GROWING UP, I HAD the best of two worlds. My parents split up when I was seven, so I lived with my mom in Huntsville grades four through eleven, and then I finished my senior year at Bellaire High School, in Houston, where my dad lived. The two places gave me a unique reservoir: As a filmmaker, I can tap into small-town and big-city experiences without having to employ the usual stereotypes.

When I think of Huntsville, of course, I think of the prison. That and Sam Houston State University; my mom taught there. The prison weighs on the town a little bit. And yet the townspeople who aren’t working there aren’t that influenced by what goes on at the prison. It’s the state’s business, not the city’s business. The local economy benefits from it, but mentions of executions aren’t any more prominent than anywhere else in Texas.

Still, the prison affected me personally. I grew up parking cars at the prison rodeo every Sunday in October. I had a stepfather who was a prison guard. I had friends’ parents who were held hostage in the ’74 prison siege. We weren’t worried about prison breaks when we lived there because we knew that an escaped convict wouldn’t want to stick around. But we’d go see Old Sparky and hear these titillating stories as kids. I remember one story that took hold of my young imagination: I heard that these two women broke out of the Goree Unit and flagged down a truck driver and raped him at knifepoint. That sounds like a Roger Corman B movie, right? These tales made their way around town. Any institution—especially one that old—is going to become mythic.
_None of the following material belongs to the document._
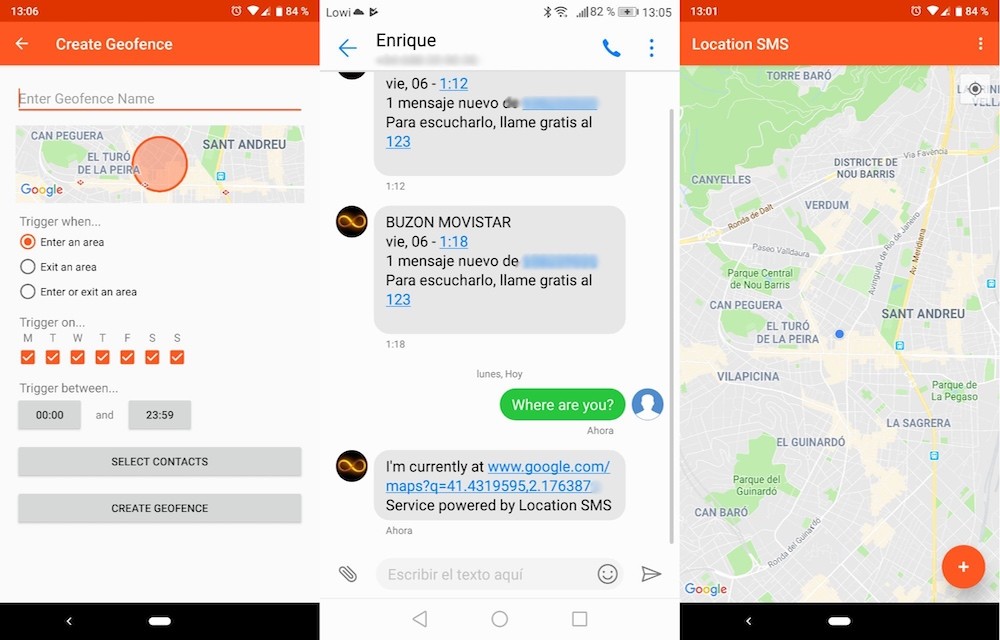 Otra opción interesante es la de 'Geofence'. Se trata de crear un área de seguridad y cada vez que entremos o salgamos se enviará un SMS automáticamente. La aplicación también deja establecer un horario concreto. Esto puede ser útil los primeros días que dejemos al pequeño en el colegio solo o para asegurarse que una persona mayor ha llegado a casa correctamente. El uso que se le de a esta aplicación y el criterio a seguir ya queda en manos de los usuarios.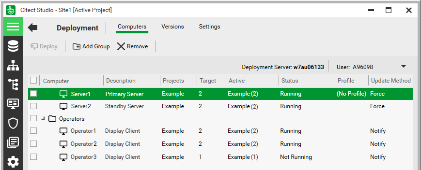 To select multiple computers, select the first computer and hold the Shift key while you use the up and down arrow key to select adjacent rows.

Another thing that’s mythic in Huntsville is football. We were football obsessed. The coach, Joe Clements, was legendary, and the team never had a losing season in the nineteen years that he ran the program. They were always in the playoffs. Clements played in the school’s first state championship and then coached the only other championship. When I played with the team, we were number one in the state, then got upset in the playoffs.
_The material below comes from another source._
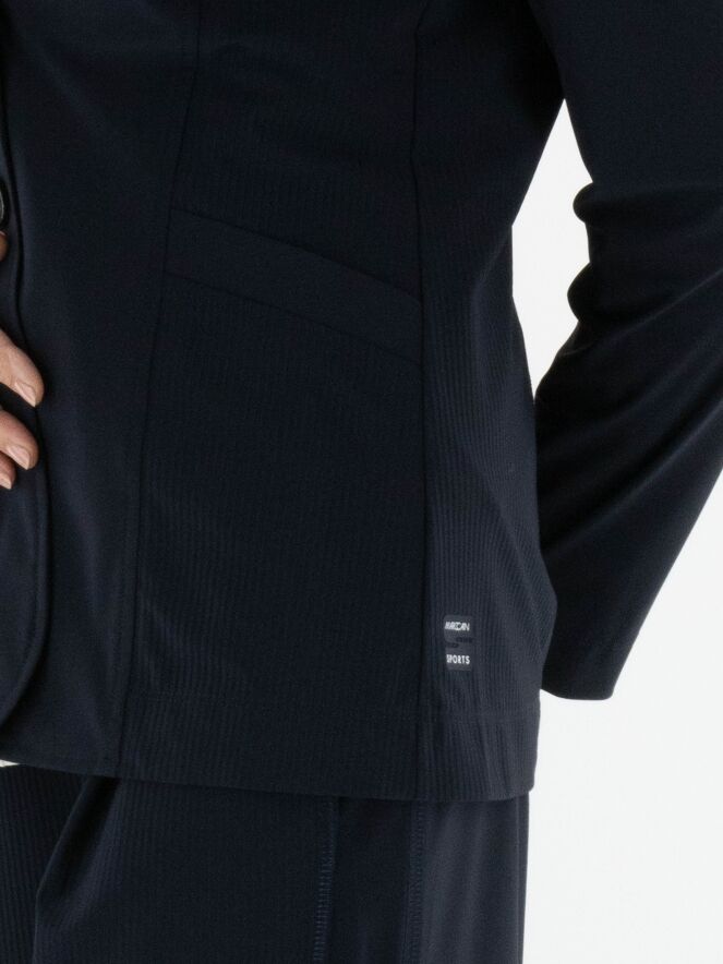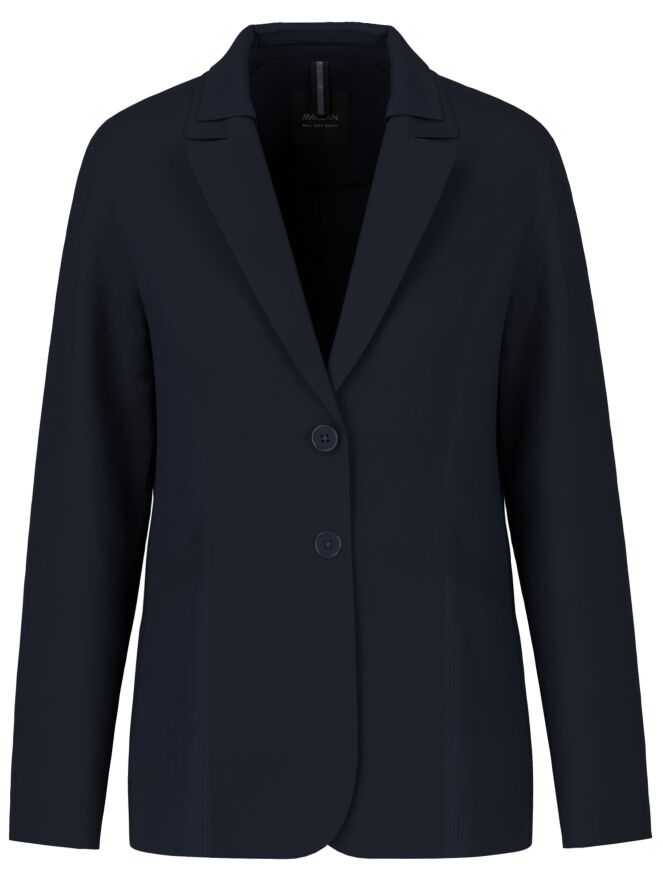 A blazer by Marc Cain in navy blue. The side panels on the front and back feature a pinstripe texture. The top layer of the double collar is also made from this ribbed fabric. The blazer has a two-button closure and is unlined. This blazer can be washed at 30 degrees.

I was better at baseball than I was at football, though, so my senior year I moved to Houston to live with my dad because Bellaire had a great baseball coach, Ray Knoblauch. Culturally, living in Houston, I felt way ahead of my old friends. My grandma took me to the museums and the symphony, and I’d see a movie in Houston six weeks before it would play at Huntsville’s picture show. And the general tolerance of eccentricities in the city—it’s not the Wild West, but the mentality is—soaked into me.

After high school graduation, I went back to Huntsville because I got a baseball scholarship to go to Sam Houston State. That was a whole other experience. We just had a reunion last year, and one of my teammates made a copy of our old team photo and sent it to me. I was showing it to my daughter, and she asked, “Do you remember any of these guys?” I said, “Not only do I remember these guys, I can tell you everything about them.” When you’re a team, you practically live together. You care about each other. You like some members more than others, but you accept everybody. You’re a platoon.

I returned to Houston after college to work as an offshore oil worker for about two and a half years. I saw the city from a more adult perspective then, the industrial Houston. It was during this period that I started getting interested in film. Anytime I wasn’t offshore, I was at the theaters in River Oaks, Greenway Plaza, and the Rice University Media Center. That was my life. I was just watching movies. I didn’t really know anybody. I met a lot of crazy, fun people on the rig—guys who were painters, writers—but I was going through a solitary phase.

East Texas is its own special world. When you’re growing up, it’s just your life and you don’t analyze it. But I’m grateful now that I can draw from my experiences. I definitely have a couple of East Texas movies in me. A lot of Dazed and Confused is based on things in Huntsville. The town claims it. The high school initiation rituals, a pool hall called the Emporium—that’s all very specific to Huntsville. Nowhere in the film does it say, “This is Huntsville,” but anyone who grew up there knows. I think it took a generation for people to like it. At first it was like, “Yuck.” That could be my paranoia, but we got our worst review from the Huntsville Item. Now they’re more affectionate.

I’ve also written a football story based on a fictional town that’s like Huntsville. The screenplay follows a football team, starting with their senior year. And in the second half of the movie, after graduation, one of the former players ends up in prison and one of his former teammates is a guard. That was the reality in Huntsville. I’d see the football star from last year’s team back in town because he was hurt or didn’t like college or whatever, and the local job that paid better than Wal-Mart was the prison. Just as a Pennsylvania steel mill attracts the local residents, the prison draws on Huntsville, in front of the bars and behind the bars.

Until I was twenty, I wasn’t thinking of film as any kind of career. I wanted to be the first pro baseball player who was a serious novelist. I failed on both fronts. But I wouldn’t trade my past for anything.

Richard Linklater, 45, is a filmmaker whose movies include Before Sunrise, Slacker, Dazed and Confused, and Bad News Bears. From 1960 to 1983 he moved between Houston and Huntsville several times. He now lives in Austin.